Merkel, whose country is the biggest contributor to Euro zone bailouts, warned from the start that she would drive a hard bargain against a backdrop of mounting opposition at home to more aid for Greece.
Mr Tsipras will have to quell dissent within his party – probably by sacking ministers – and get unpopular austerity measures passed, such as pension reform and a higher goods and services tax.
“They want the government to fall and replace it with one not elected by the Greek people”. The country spends more on pensions as a proportion of its economy than any country in the European Union – more than double that of some, such as Slovakia, Estonia and Ireland.
Haralambos Rouliskos, a 60-year-old economist who was out walking in Athens, described the deal as “misery, humiliation and slavery”.

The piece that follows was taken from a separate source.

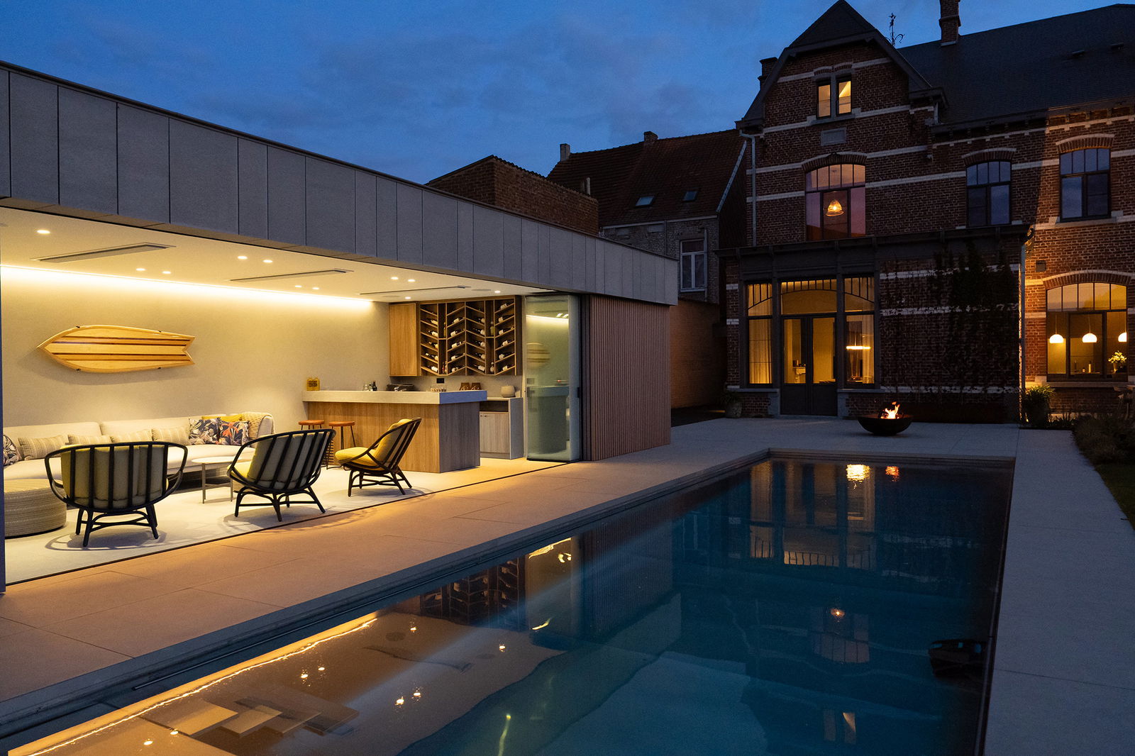Pool and pool house with bar, landscaped gardens and terraces, versatile indoor/outdoor event areas with modern tech and AV for meetings and workshops, and secure gated parking for up to 3 cars.

When it first defaulted at the end of June, the IMF froze Greece’s access to its resources, including the Fund’s ongoing financing program for the country.
Nikos Filis, the parliamentary spokesperson for the ruling Coalition of the Radical Left, or Syriza, on ANT1 TV Monday morning, accused Germany of “tearing Europe apart” for the third time in the past century.
Yet he may gain enough support from the rest of Syriza and elsewhere to pass the new laws through the 300-seat parliament.
Many European officials also are openly fed up with Tsipras, whom they accuse of gamesmanship. Out of that €50 billion, €25 billion would be used to recapitalize Greek banks, he said.
Other potential partners in a national emergency coalition government such as To Potami, the socialists Pasok and New Democracy were preparing to back Mr Tsipras.
REUTERS/Paul HannaGreek Prime Minister Alexis Tsipras.It was, however, what the situation required: it is best for Greece to stay in the euro, and if this deal is what it takes, then so be it.
“We are reiterating our policy conclusions… that Greece’s debt is unsustainable and will require a significant debt operation”, a senior International Monetary Fund official said of the paper.
French President Francois Hollande said it was a path well worth taking. A draft of the package suggests Greece could temporarily leave the eurozone if no agreement on a bailout is reached.
The ECB meanwhile has kept Greek banks afloat with emergency liquidity, but has refused to provide extra funds.
The document agreed to Monday morning estimates Greece needs 7 billion euros by next Monday (July 20) and another 5 billion euros in August.
The International Monetary Fund said that “Greece’s debt can now only be made sustainable through debt relief measures that go far beyond what Europe has been willing to consider so far”.